══ Records supplied ══

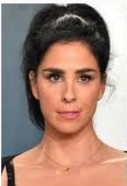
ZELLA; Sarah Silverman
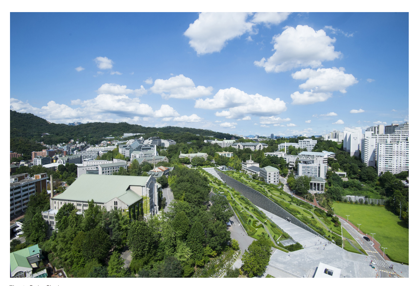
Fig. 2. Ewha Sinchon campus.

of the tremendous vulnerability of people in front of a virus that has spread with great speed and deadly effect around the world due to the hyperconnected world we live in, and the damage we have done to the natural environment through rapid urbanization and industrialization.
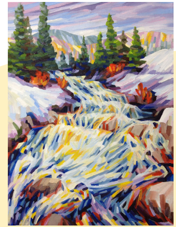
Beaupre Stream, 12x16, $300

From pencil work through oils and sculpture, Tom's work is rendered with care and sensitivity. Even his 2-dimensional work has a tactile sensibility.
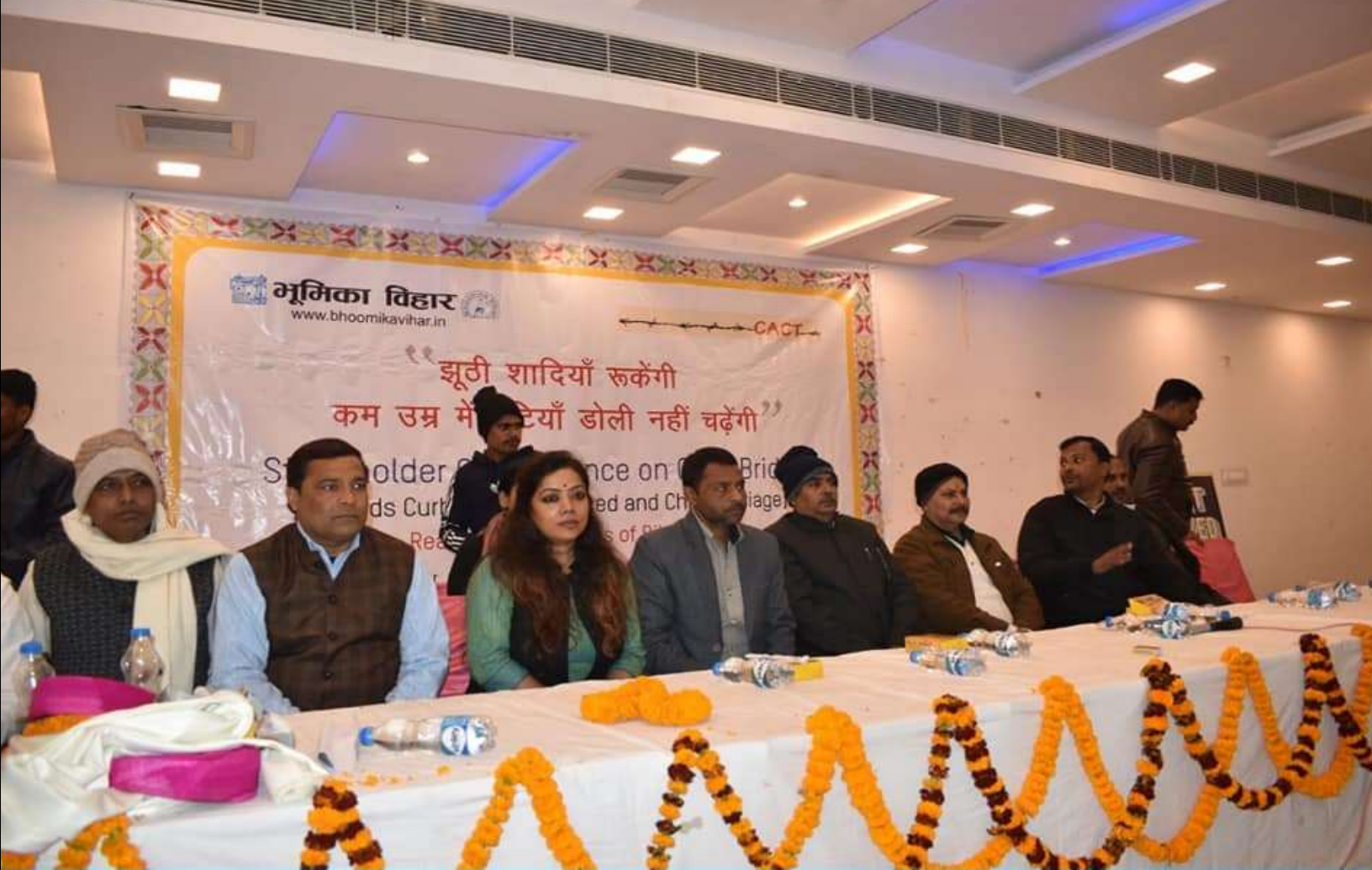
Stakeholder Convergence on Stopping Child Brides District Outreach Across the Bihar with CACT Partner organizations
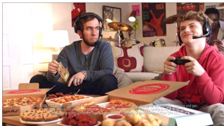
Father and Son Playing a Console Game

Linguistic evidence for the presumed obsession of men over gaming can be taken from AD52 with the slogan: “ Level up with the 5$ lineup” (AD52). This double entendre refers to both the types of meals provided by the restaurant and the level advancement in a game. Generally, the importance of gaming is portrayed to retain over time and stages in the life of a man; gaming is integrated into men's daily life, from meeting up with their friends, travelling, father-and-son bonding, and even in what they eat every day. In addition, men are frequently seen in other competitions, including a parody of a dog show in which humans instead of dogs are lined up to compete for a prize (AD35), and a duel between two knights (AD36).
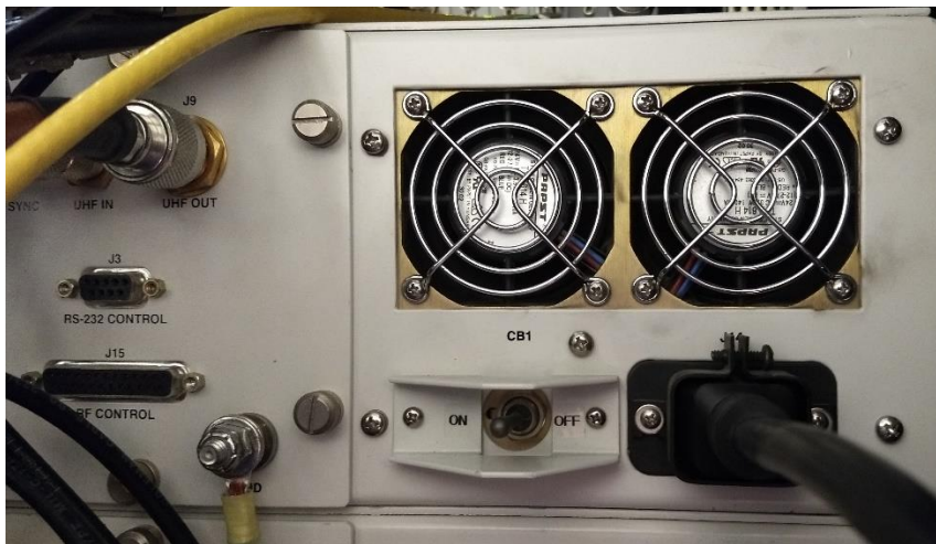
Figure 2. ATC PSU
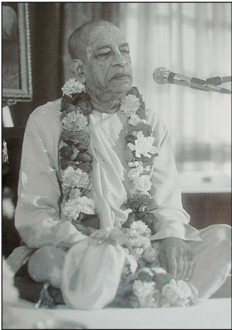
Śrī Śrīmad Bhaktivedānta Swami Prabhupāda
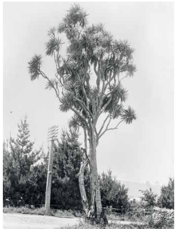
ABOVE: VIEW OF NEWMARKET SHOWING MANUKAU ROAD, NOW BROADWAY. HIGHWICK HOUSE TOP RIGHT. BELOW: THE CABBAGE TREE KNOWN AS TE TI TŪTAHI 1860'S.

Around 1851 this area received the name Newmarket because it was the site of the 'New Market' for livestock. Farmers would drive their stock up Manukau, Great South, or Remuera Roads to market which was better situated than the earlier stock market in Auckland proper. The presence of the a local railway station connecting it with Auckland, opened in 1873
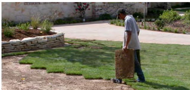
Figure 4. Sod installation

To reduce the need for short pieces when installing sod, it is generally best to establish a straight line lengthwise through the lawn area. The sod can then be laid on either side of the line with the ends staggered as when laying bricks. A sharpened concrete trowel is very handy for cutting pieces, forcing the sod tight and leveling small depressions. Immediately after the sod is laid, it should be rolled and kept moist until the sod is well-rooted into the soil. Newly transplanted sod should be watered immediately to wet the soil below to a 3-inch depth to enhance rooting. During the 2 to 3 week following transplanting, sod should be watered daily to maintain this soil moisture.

═══

- **Problem**
Whenever a line of the data above includes the word "Figure", copy that line.

- **Solution**
Figure 2. ATC PSU
Figure 4. Sod installation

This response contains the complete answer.